Wrigley Field has been named a National Historic Landmark to recognize “the significant role the ballpark has played in the city of Chicago and the history of professional sports.”
Thursday’s announcement by the U.S. Department of the Interior also automatically places the ballpark on the National Register of Historic Places. Wrigley has been eligible for that list since 1987.
The Ricketts family, owners of the Cubs and the stadium, will now be eligible for federal income tax credits on the facility.
The stadium, which already has local landmark status, has undergone major renovations in recent years under the Ricketts’ ownership, most notably the addition of two electronic scoreboards in the outfield, the rebuilding of the bleachers and moving the bullpens from the playing field to underneath the bleachers.
Crane Kenney, president of business operations for the Cubs, said lucrative federal income tax credits tied to Wrigley Field’s designation as a National Historic Landmark were already factored into the plan that financed the renovation of Wrigley and develop the land around it.
Kenney refused to put a dollar value on the tax credits, except to say it was “one important element” that bankrolled the plan by the Ricketts family, billionaire owners of the Cubs, to renovate Wrigley Field and develop the land around it.
“This application started seven years ago. The granting of the designation is the end of a seven-year process. So, it’s unrelated to COVID. The monetization, to the extent there is one, of the designation was done years ago,” Kenney told the Sun-Times.
“There’s no new revenue that is the result of the designation today. There’s no economic event at all related to what’s just happened in 2020. It has already been considered.”
It’s not easy to be designated as a National Historic Landmark. It’s a high bar to clear. But Kenney said there’s no question Wrigley Field meets that standard.
“It’s easy for people to understand if you live in Chicago. If you consider sports venues as a whole, it is probably one of only two or three that has withstood the test of time,” Kenney said.
“Obviously, the historic events that have happened there. And its attachment to the national pastime and the significance of baseball throughout generations of Americans. For all of those reasons, it’s clearly a worthy candidate.”
“Wrigley Field is a special place in the hearts of generations of fans,” Chicago Cubs Executive Chairman Tom Ricketts was quoted as saying in a Department of the Interior news release.
“That’s why, from our first day as owners, we committed to preserving Wrigley, which will now take its well-earned place in the lineup of American history and culture as a national treasure.”
National Historic Landmarks are “buildings, sites, districts, structures, and objects that have been determined by the Secretary of the Interior to be nationally significant in American history and culture,” according to the release.
“The historical significance of Wrigley Field is interwoven into our nation’s story and a key part of what has become America’s beloved pastime for over a century,” Interior Secretary David L. Bernhardt was quoted as saying in the release.

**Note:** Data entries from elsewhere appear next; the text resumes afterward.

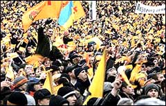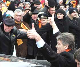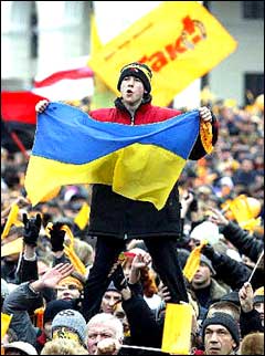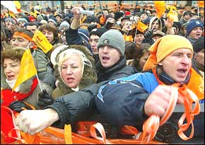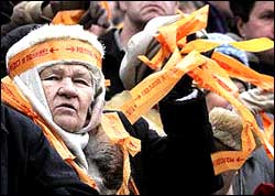 After dusk, more than a dozen busloads of Yanukovych supporters were seen parked on the fringes of downtown Kiev in the falling snow, and rumors persisted that provocateurs would try to infiltrate the rallies, disguising themselves by wearing orange armbands -- Yushchenko's campaign color.
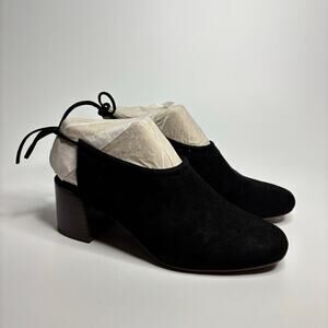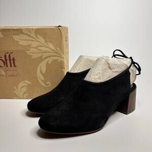 Sofft Lenora Suede Heeled Tie-Back Mule Booties in Black
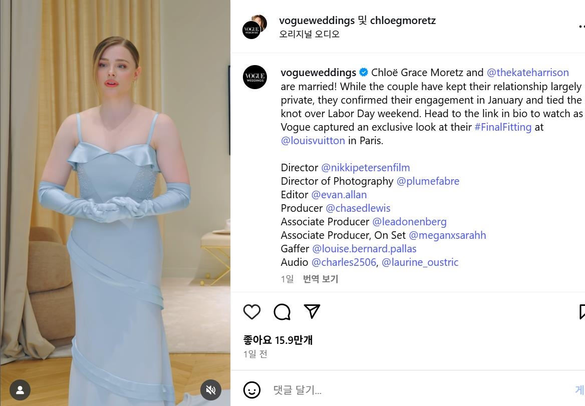 AP통신과 미 패션지 보그 등에 따르면 모레츠는 2018년부터 교제해온 모델 겸 사진작가 해리슨과 지난 노동절(9월1일) 연휴 기간 비공개 결혼식을 올렸다.
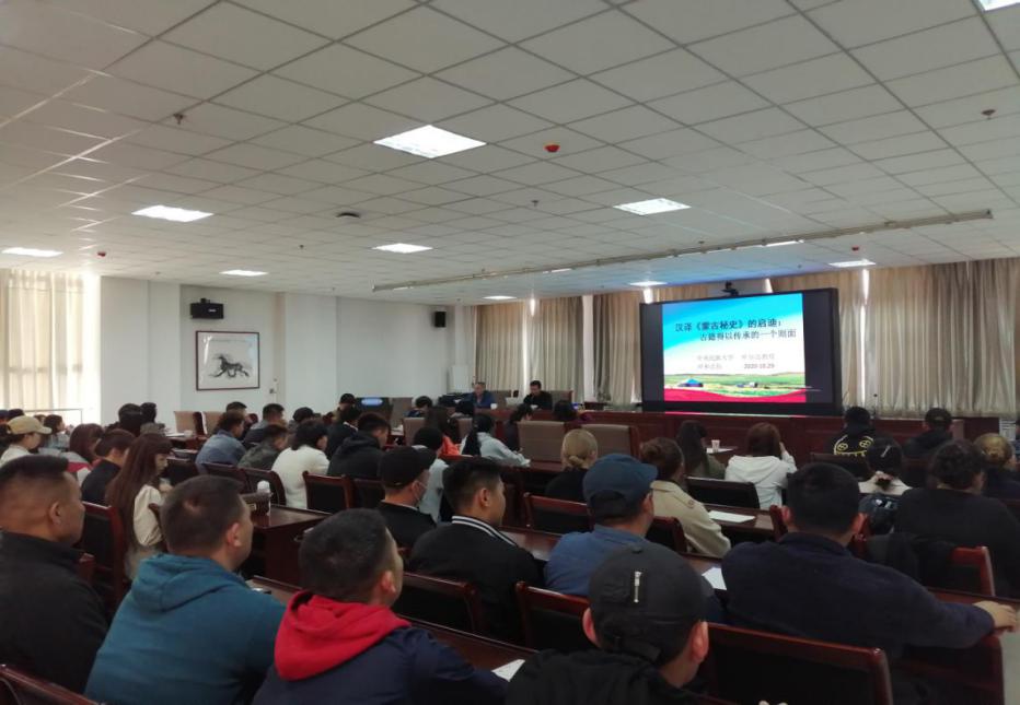 為了進一步貫徹落實習近平總書記有關民族工作的論述及指示批示精神,于2020年10月29日下午,特邀請歷史文獻研究方面的知名學者——葉爾達教授,以漢譯《蒙古秘史》的啟迪:——古籍得以傳承的一個側面為題,進行了一次鑄牢中華民族共同體意識方面的教育,我院師生共120余人聆聽該講座。

Ald. Tom Tunney (44th), whose ward includes Wrigley Field, said there is no question that the stadium is a “national treasure” that deserves landmark designation.

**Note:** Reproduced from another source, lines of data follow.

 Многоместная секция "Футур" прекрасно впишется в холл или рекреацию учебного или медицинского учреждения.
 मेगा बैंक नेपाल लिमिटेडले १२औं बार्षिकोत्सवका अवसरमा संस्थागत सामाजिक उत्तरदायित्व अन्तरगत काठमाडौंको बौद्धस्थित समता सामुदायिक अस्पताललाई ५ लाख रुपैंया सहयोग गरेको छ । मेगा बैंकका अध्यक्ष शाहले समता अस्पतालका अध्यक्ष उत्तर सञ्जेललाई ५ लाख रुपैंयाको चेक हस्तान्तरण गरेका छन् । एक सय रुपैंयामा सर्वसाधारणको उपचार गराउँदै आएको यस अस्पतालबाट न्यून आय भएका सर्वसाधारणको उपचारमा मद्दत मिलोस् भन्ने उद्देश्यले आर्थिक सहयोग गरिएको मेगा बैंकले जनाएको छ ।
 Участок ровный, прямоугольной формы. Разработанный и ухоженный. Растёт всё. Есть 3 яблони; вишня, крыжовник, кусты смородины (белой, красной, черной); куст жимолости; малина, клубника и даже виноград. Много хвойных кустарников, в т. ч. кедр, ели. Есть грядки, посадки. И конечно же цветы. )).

Ironically, the Tribune Co., former owners of the Cubs, was “ambivalent, if not opposed to the original landmarking of the field” proposed by former Mayor Richard M. Daley, who appointed Tunney to the City Council, the alderman said.
“The architecture is unique. The view into the neighborhood. All of that has been talked and talked about. I don’t know what the value of the tax credit is going to be. It’s gonna be pretty extensive,” Tunney said.
“As the renovation and the neighborhood continue to develop, it’s gonna look pretty classic in the next number of years. What we’ve tried to do with all of the surrounding developments is to somewhat pay homage to the historic landmark. I’m pretty excited about it. I’ve always been. This is healthy for the city and healthy for the Cubs.”
The original Yankee Stadium in New York and Tigers Stadium in Detroit both were designated as National Historic Landmarks, only to be demolished.
Tunney said he’s certain that will not happen to Wrigley.
“It is a treasure and an economic engine. But it’s being retrofitted for the next 50 to 100 years,” the alderman said.
“I don’t think this stadium is ever gonna come down.”